(Records excerpted from a collection)
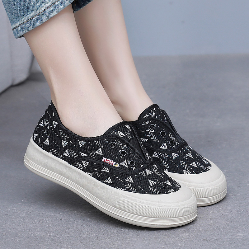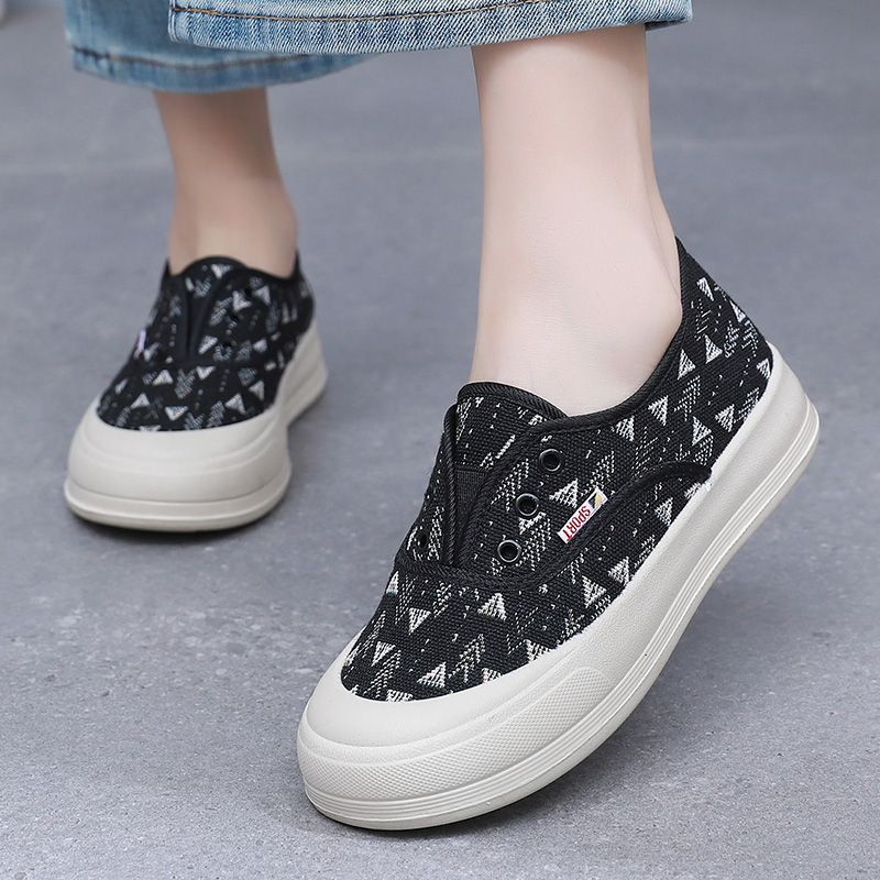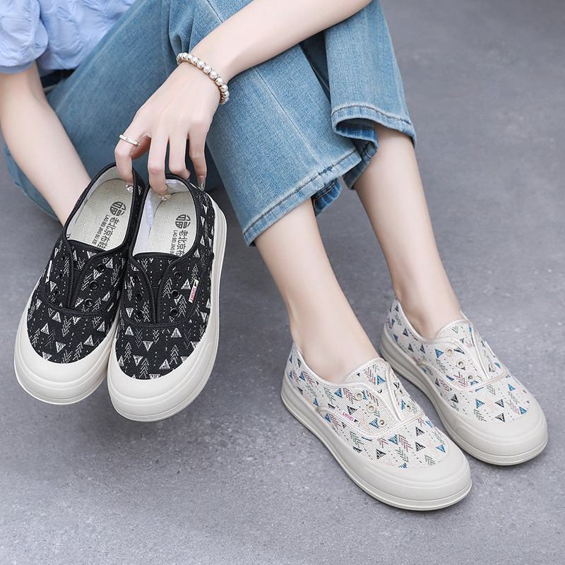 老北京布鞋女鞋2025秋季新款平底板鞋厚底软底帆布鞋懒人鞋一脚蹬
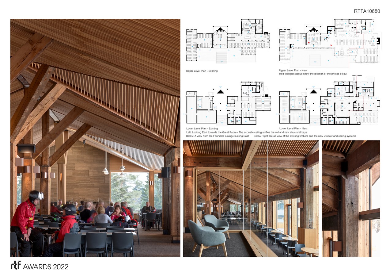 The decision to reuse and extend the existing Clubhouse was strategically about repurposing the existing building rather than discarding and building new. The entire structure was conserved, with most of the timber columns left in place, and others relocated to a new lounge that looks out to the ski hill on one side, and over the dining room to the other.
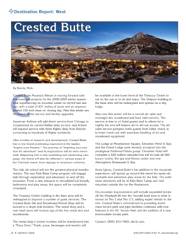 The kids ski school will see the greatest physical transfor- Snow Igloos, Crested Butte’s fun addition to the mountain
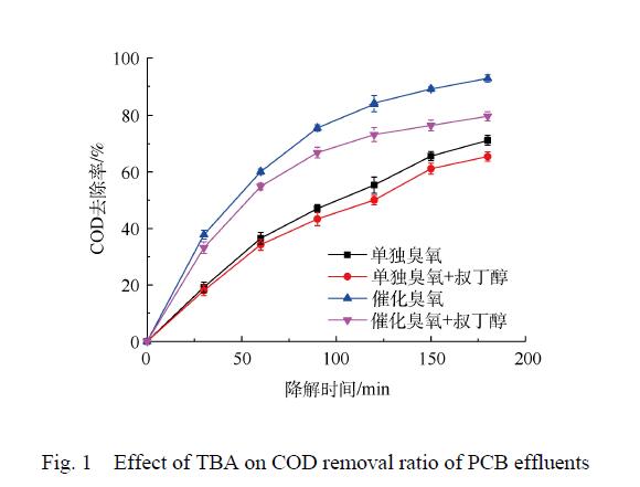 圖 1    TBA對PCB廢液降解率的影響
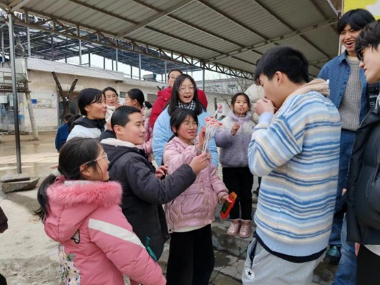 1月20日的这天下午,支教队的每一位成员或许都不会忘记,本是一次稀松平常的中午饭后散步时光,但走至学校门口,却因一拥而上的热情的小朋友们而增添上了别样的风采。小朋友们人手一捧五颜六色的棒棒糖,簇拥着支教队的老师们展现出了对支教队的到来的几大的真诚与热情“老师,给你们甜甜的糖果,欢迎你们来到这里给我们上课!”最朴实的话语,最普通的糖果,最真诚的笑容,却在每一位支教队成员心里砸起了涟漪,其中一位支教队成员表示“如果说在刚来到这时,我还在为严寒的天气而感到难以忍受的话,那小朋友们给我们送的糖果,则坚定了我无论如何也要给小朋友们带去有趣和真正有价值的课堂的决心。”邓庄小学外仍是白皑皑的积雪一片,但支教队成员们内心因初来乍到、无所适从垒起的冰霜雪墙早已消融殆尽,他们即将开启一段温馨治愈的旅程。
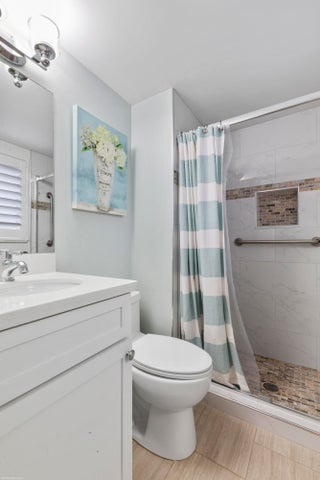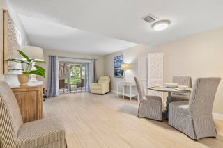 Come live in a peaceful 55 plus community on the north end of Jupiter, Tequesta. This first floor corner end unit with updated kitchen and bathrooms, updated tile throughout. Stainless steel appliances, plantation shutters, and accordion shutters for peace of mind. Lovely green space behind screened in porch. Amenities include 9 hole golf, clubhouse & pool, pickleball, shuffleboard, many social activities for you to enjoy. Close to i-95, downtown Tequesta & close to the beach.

- [WORK TASK]: Output the data above exactly; pictures do not belong in the copy.

- [RESULT FOR THIS EXERCISE]:
 老北京布鞋女鞋2025秋季新款平底板鞋厚底软底帆布鞋懒人鞋一脚蹬
 The decision to reuse and extend the existing Clubhouse was strategically about repurposing the existing building rather than discarding and building new. The entire structure was conserved, with most of the timber columns left in place, and others relocated to a new lounge that looks out to the ski hill on one side, and over the dining room to the other.
 The kids ski school will see the greatest physical transfor- Snow Igloos, Crested Butte’s fun addition to the mountain
 圖 1    TBA對PCB廢液降解率的影響
 1月20日的这天下午,支教队的每一位成员或许都不会忘记,本是一次稀松平常的中午饭后散步时光,但走至学校门口,却因一拥而上的热情的小朋友们而增添上了别样的风采。小朋友们人手一捧五颜六色的棒棒糖,簇拥着支教队的老师们展现出了对支教队的到来的几大的真诚与热情“老师,给你们甜甜的糖果,欢迎你们来到这里给我们上课!”最朴实的话语,最普通的糖果,最真诚的笑容,却在每一位支教队成员心里砸起了涟漪,其中一位支教队成员表示“如果说在刚来到这时,我还在为严寒的天气而感到难以忍受的话,那小朋友们给我们送的糖果,则坚定了我无论如何也要给小朋友们带去有趣和真正有价值的课堂的决心。”邓庄小学外仍是白皑皑的积雪一片,但支教队成员们内心因初来乍到、无所适从垒起的冰霜雪墙早已消融殆尽,他们即将开启一段温馨治愈的旅程。
 Come live in a peaceful 55 plus community on the north end of Jupiter, Tequesta. This first floor corner end unit with updated kitchen and bathrooms, updated tile throughout. Stainless steel appliances, plantation shutters, and accordion shutters for peace of mind. Lovely green space behind screened in porch. Amenities include 9 hole golf, clubhouse & pool, pickleball, shuffleboard, many social activities for you to enjoy. Close to i-95, downtown Tequesta & close to the beach.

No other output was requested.